Task objective
What is needed is an exact reproduction of the lines from the one that contains "Stacker compiled a" through the end of the data, both included and nothing else, with pictures omitted.

Data excerpt
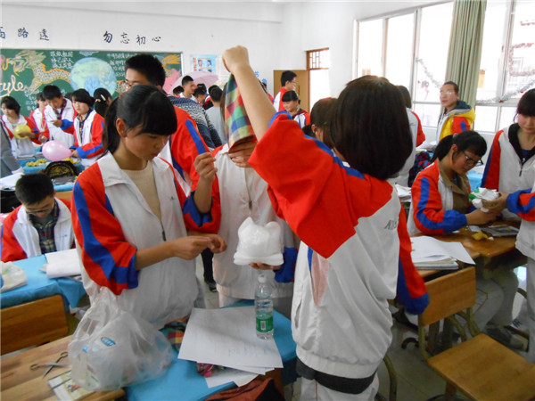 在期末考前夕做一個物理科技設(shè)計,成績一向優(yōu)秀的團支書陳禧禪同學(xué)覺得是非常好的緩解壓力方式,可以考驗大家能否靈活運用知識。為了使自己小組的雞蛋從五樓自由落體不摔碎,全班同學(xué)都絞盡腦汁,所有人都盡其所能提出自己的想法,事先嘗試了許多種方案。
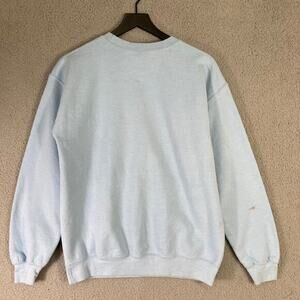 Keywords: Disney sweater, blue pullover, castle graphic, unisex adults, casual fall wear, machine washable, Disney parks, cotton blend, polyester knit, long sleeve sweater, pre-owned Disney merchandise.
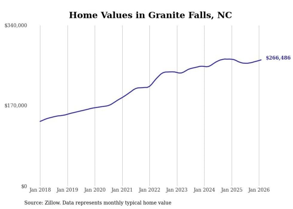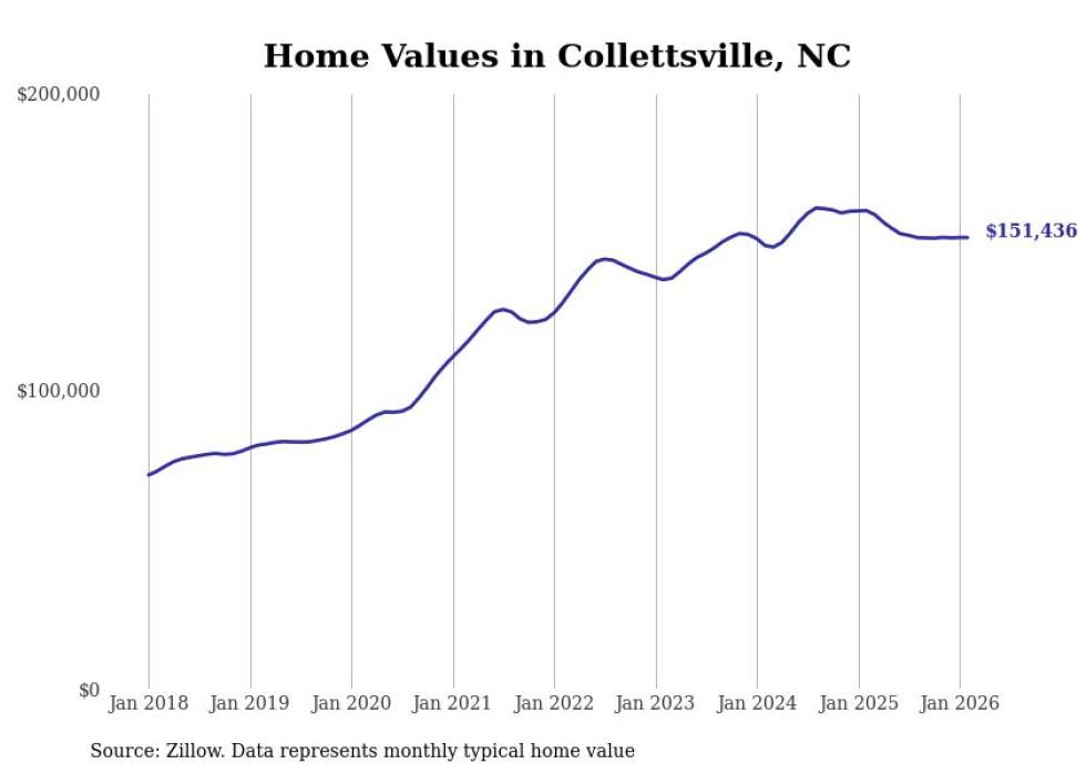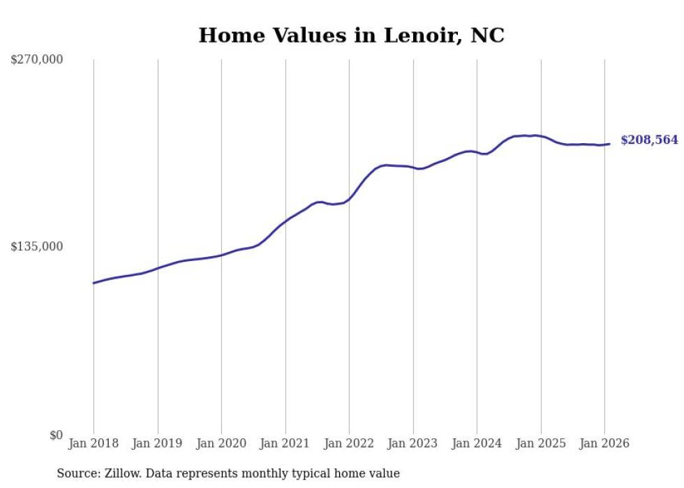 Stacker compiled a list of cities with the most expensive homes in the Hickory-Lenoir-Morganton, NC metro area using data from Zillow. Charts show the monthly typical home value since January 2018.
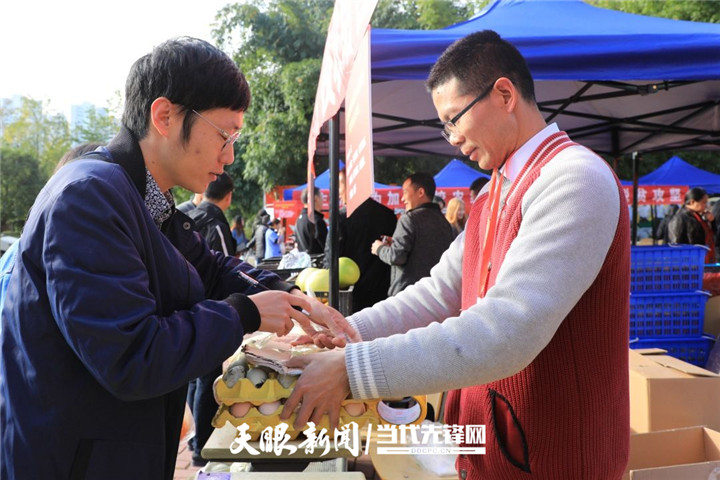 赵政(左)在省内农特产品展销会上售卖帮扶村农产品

Answer section
 Stacker compiled a list of cities with the most expensive homes in the Hickory-Lenoir-Morganton, NC metro area using data from Zillow. Charts show the monthly typical home value since January 2018.
 赵政(左)在省内农特产品展销会上售卖帮扶村农产品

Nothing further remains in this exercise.